We also know about the side effects of the drug. There's anemia, substantial grade 3/4 anemia in a substantial number of patients, and in the TALAPRO study today we also saw a very high rate of blood transfusions. So, we're taking a very well tolerated drug, AR pathway inhibitors, be it abiraterone or enzalutamide, and we're adding a drug in that has substantial toxicity. We're taking something that is well tolerated and we're actually making it toxic for a patient. And they would remain on these therapies for quite a while. We're talking a couple of years that they'd be on this treatment for.
Alicia Morgans: Agreed. Are there specific adverse events, other than the cytopenias, that you raise as areas just to be attentive to and to think about when you're thinking about these combinations, whether in a selected population or otherwise?
Kim Chi: Yeah, I think one that we underplay is the nausea. It is a common side effect with PARP inhibitors, but it tends to be low grade. But I know, for me, having a nausea every day from a pill that you're taking can be challenging for patients. So I think nausea is something we need to think about. Fatigue is another one. And then what we saw also in PROpel is that there was a bit of an increase in thromboembolic events, so we also need to be aware of those kinds of side effects. But these are real side effects that patients have to live with every day that we need to be attentive to.
Alicia Morgans: Great. Any concern from your perspective for MDS, AML, other myeloproliferative disorders with the longer exposure to a PARP?
Kim Chi: Yeah, I think we need to be concerned about that. There are some rare cases, but it's hard to say right now. I think when we start thinking about bringing it even earlier in disease, like castration-sensitive setting, where, for example, patients with low volume can live 5, 7, 10 years and more, then that's something we have to be much more aware of, of the risk of this happening.
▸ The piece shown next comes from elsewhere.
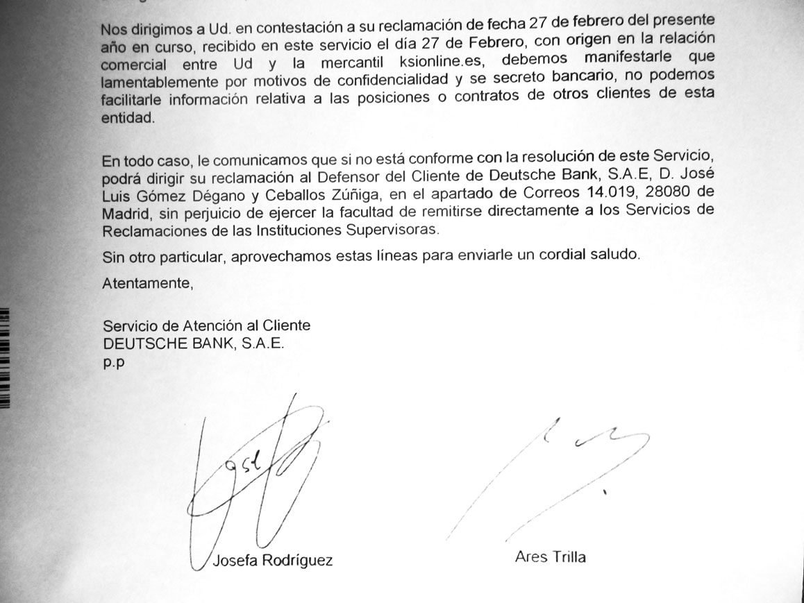 Me acaba de llegar por correo la respuesta del Deustche Bank a la reclamación que les puse.

Alicia Morgans: Great. Well, thank you for talking that through. As we wrap up, we've talked a lot about similarities, we've talked about some differences and populations where you might really think about using this combination even soon, now, perhaps, versus maybe other populations where you're less inclined. What is your closing message? Is this a good thing for prostate cancer? Is it not a good thing? What do we take away from these studies?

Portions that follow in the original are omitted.